Naive Bayes classifiers are a family of simple "probabilistic classifiers" based on applying Bayes' theorem with strong independence assumptions between the features. They are among the simplest Bayesian network models, but coupled with Kernel density estimation, they can achieve higher accuracy levels and it is evident here.

In [43]:
def train_using_naive_bayes(training_data, test_data):
    classifier = nltk.NaiveBayesClassifier.train(training_data)
    classifier_name = type(classifier).__name__
    training_set_accuracy = nltk.classify.accuracy(classifier, training_data)
    test_set_accuracy = nltk.classify.accuracy(classifier, test_data)
    return classifier, classifier_name, test_set_accuracy, training_set_accuracy

In [44]:
classifier, classifier_name, test_set_accuracy, training_set_accuracy = train_using_naive_bayes(training_data, test_data)
print(training_set_accuracy)
print(test_set_accuracy)
print(len(classifier.most_informative_features()))
classifier.show_most_informative_features()

0.9761904761904762
0.8214285714285714
80
Most Informative Features
                 contact = True           timing : Depart =      7.5 : 1.0
                    yuri = None           Ludovi : Yury-D =      5.4 : 1.0
                   ludov = None           Depart : Ludovi =      4.4 : 1.0
                    ivan = None           Ludovi : Depart =      4.2 : 1.0
                    help = True             Help : Closin =      4.1 : 1.0
                 sundeep = None           Ludovi : Sundee =      3.3 : 1.0
                  depart = None           Ludovi : Locati =      3.2 : 1.0
                  depart = True           timing : Depart =      3.2 : 1.0
                   hello = None           Ludovi : Greeti =      2.7 : 1.0
                   thank = None           Ludovi : Closin =      2.7 : 1.0


In [45]:
classifier.classify(({'head': True, 'depart': True, 'seles': True}))

'Department-Head'

In [46]:
extract_feature("hello")

['hello']

In [47]:
word_feats(extract_feature("hello"))

{'hello': True}

In [48]:
input_sentence = "Contact professor Sundeep"
classifier.classify(word_feats(extract_feature(input_sentence)))

'Sundeep-Rangan'

In [49]:
def reply(input_sentence):
    category = dtclassifier.classify(word_feats(extract_feature(input_sentence)))
    return answers[category]
    
    

# Test:

In [50]:
reply('Hi')

'Hello.
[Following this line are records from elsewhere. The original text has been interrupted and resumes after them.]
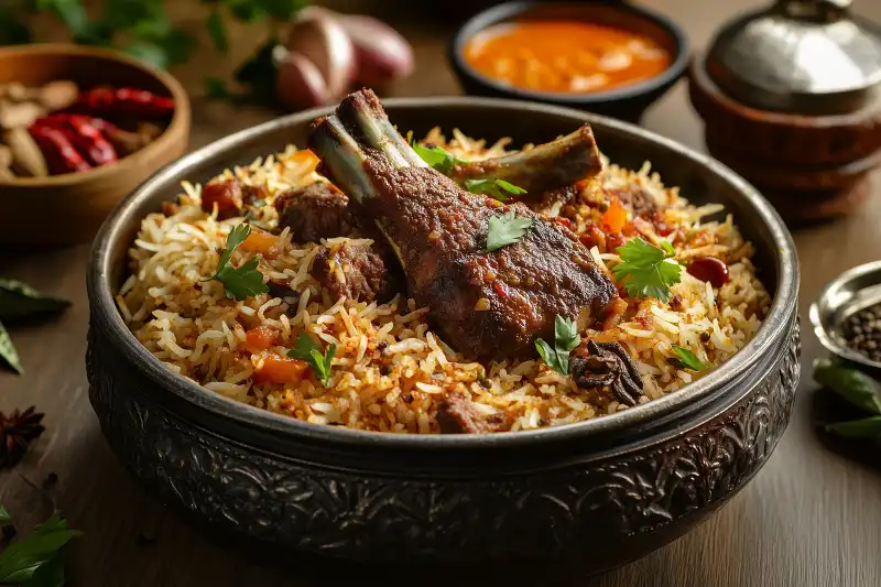 Biryani adalah hidangan klasik dari dapur Asia Selatan dengan teknik nasi berlapis yang khas. Sementara nasi kebuli adalah adaptasi Nusantara yang lahir dari pertemuan tradisi Arab dan Betawi.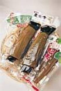 | 説明 | 佐原産をはじめとした漬物を約200種類揃えている。人気商品は、佐原で育った伊能忠敬の名を冠した『忠敬漬』。唐辛子を日高産の昆布で何層にも巻き、さらに厳選された瓜で包み、しょうゆで漬けたもの。昆布が隙間なく丁寧に巻かれた切り口が見事だ。瓜のかわりにキュウリを使ったものもあるので試したい。 昆布の旨味が瓜に染みた佐原名物の『忠敬漬』 |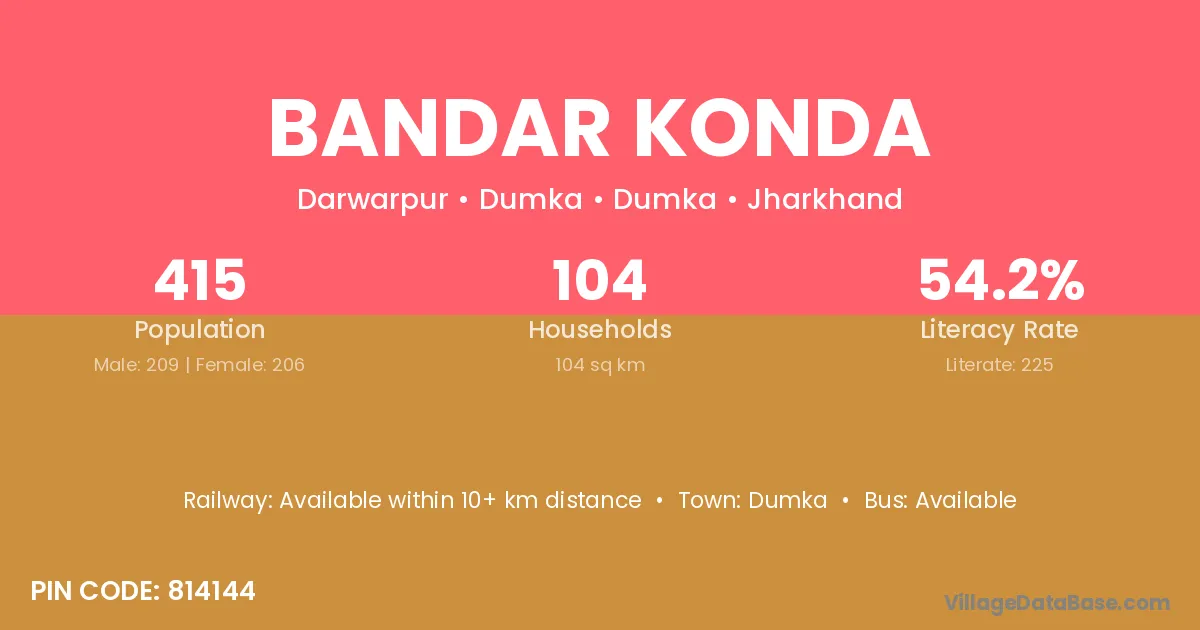 The literacy rate of Bandar Konda village is 63.21%. Male literacy stands at 69.23% and female literacy at 57.41%.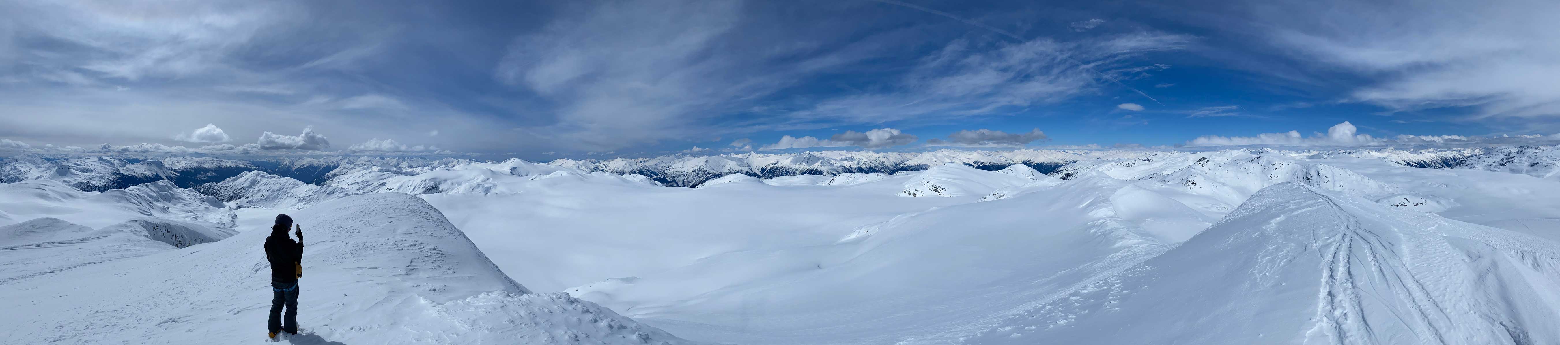 Eric and I then took turns breaking trail up the north slopes linking up several obvious ramps. The route-finding was straightforward but the slog was never-ending and extremely monotonous. I had to call for one food break after about 3 hours of non-stop skinning. The summit started to seem “close” but we still had to ascend/traverse a few rolls and bumps to get there. Once skinning onto the final summit ridge we were greeted by some fierce and cold winds, that despite the awesome views we could not linger too long up there.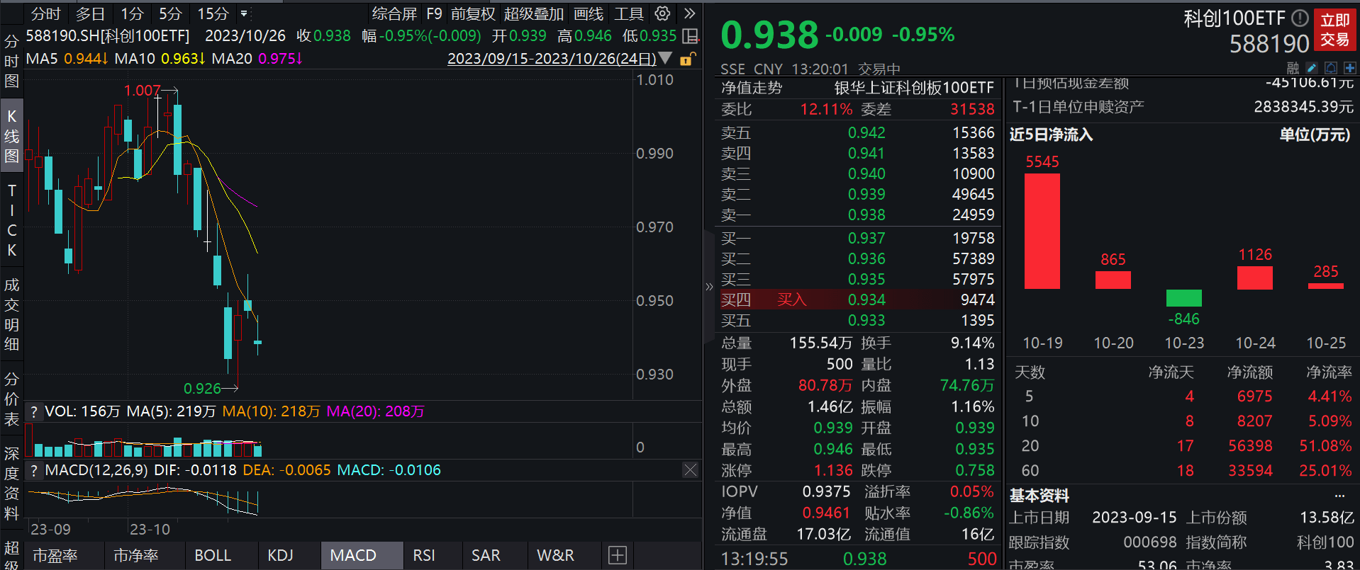 截至2023年10月26日13:20,科创100ETF(588190)午后延续回调0.95%,报0.938元,委比12.11%,盘中溢价0.05%,换手率达9.14%,市场交投活跃。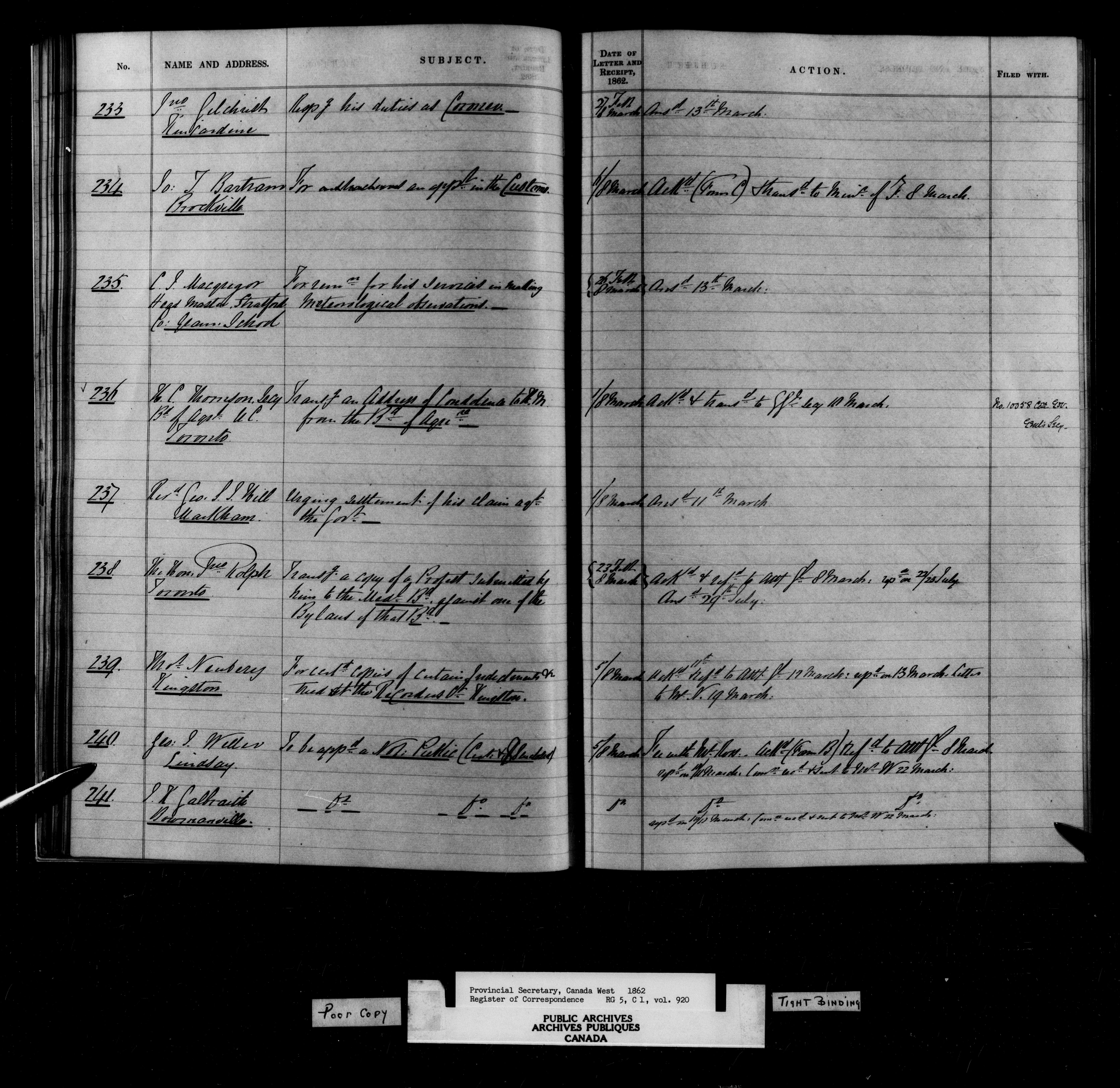 Registers and indexes to documents received by the Provincial Secretary for Canada West 1841-1867, together with some files of 1821-1841 - 10808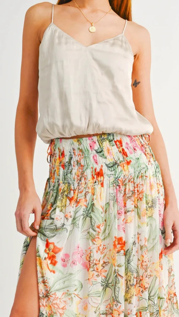 Introducing the Amore Tank - the must-have tank top for any fashion-forward individual. With its V-neck design and adjustable straps, this bubble tank top offers a versatile and comfortable fit, while the extended length provides coverage and a sleek silhouette. Made with soft, satin material and offering a variety of colors, this tank is perfect for any occasion and a must-have in your closet.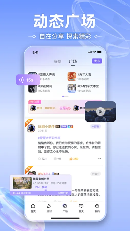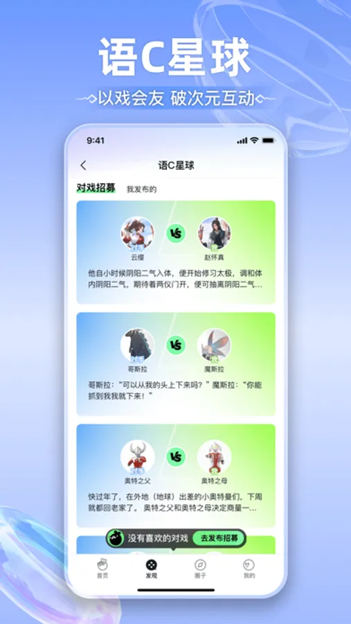 玩剧CP 是一个让你能够通过标签,有趣的声音快速认识新朋友的平台。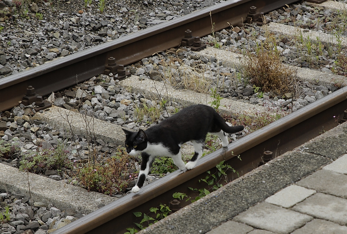 Hochkonzentriert geht dieser Streckenläufer seiner Arbeit nach (Bahnhof Schliersee 16.07.2020)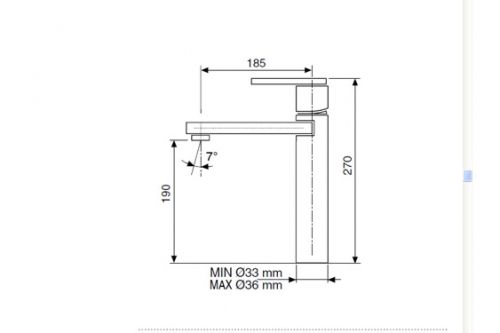 Длина излива 185 мм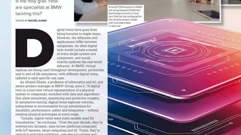 Digital Twins have evolved from simple visualization tools into intelligent, data-driven systems that replicate real-world behavior. Digital Twins are used across development, production, and end-of-life simulation, enabling real-time validation, predictive insights, and continuous optimization.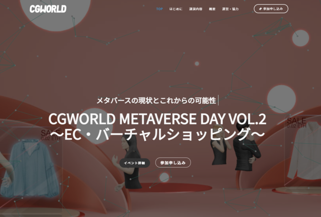 「CGWORLD METAVERSE DAY」はクリエイターの目線からメタバースの活用、新たなコンテンツ制作の方法を探るオンラインイベントです。Vol.2ではEC・バーチャルショッピングにフォーカスを当て、メタバースをビジネスにどう活用できるか?やあらたな体験設計とデザイン、アセットの制作に関してご紹介いたします。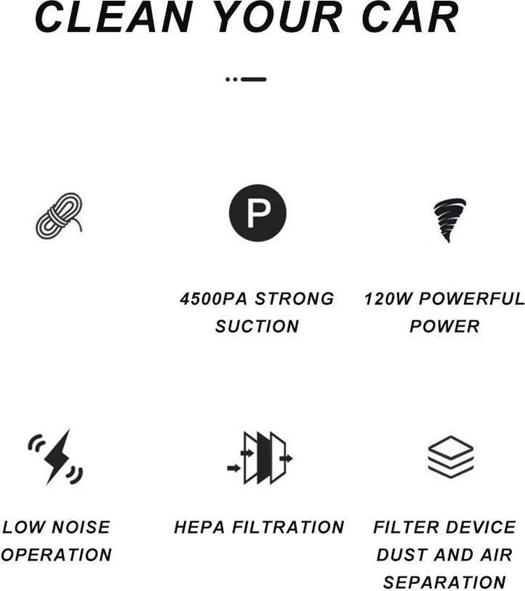 4, forte puissance d’aspiration: l’aspirateur de voiture 4500PA a une puissance élevée de 120 W, un moteur à turbine puissant et une grande puissance d’aspiration.

I am Bobcat. Greeting For the day! I will serve your NYU-Tandon ECE department enquiries.'

In [51]:
reply('Contact professor Sundeep')

'Prof. Sundeep Rangan is an Associate Professor and director at NYU Wireless. You can find more details on him at: https://wireless.engineering.nyu.edu/sundeep-rangan/'

In [52]:
reply('Which room does professor Ludovic occupy')

'Prof.Ludovic Righetti is an Associate Professor in the ECE & MAE Department and, a Senior Researcher at the Max-Planck Institute for Intelligent Systems (MPI-IS).  You can find more details on him at: https://wp.nyu.edu/machinesinmotion/'

In [53]:
reply('What is location of ECE department?')

'The ECE Department located is on the 8th Floor at 370 Jay Street & 2nd Floor at 5 Metrotech Center.'

In [54]:
reply('how to contact the department?')

'You can contact department virtually via by calling - 646-997-3878'

In [55]:
reply('Who is the department head?')

'Prof. Ivan Selesnick is the Head of ECE Department. You can find more details on him at: https://eeweb.engineering.nyu.edu/iselesni/'

In [56]:
reply('when can I contact ECE department?')

'There is always someone to attend you from 9am till 5pm.'

In [57]:
reply('Thanks!')

"It's glad to know that I have been helpful. Have a good day!"

In [58]:
reply('What couses does Prof Sundeep Rangan teaches and how can I contact him ?')

'Prof. Sundeep Rangan is an Associate Professor and director at NYU Wireless. You can find more details on him at: https://wireless.engineering.nyu.edu/sundeep-rangan/'

# Conclusion:

Once the model has been developed using an algorithm that gives an acceptable accuracy, this model can be called using to any chatbot UI framework after developing a constructive dataset.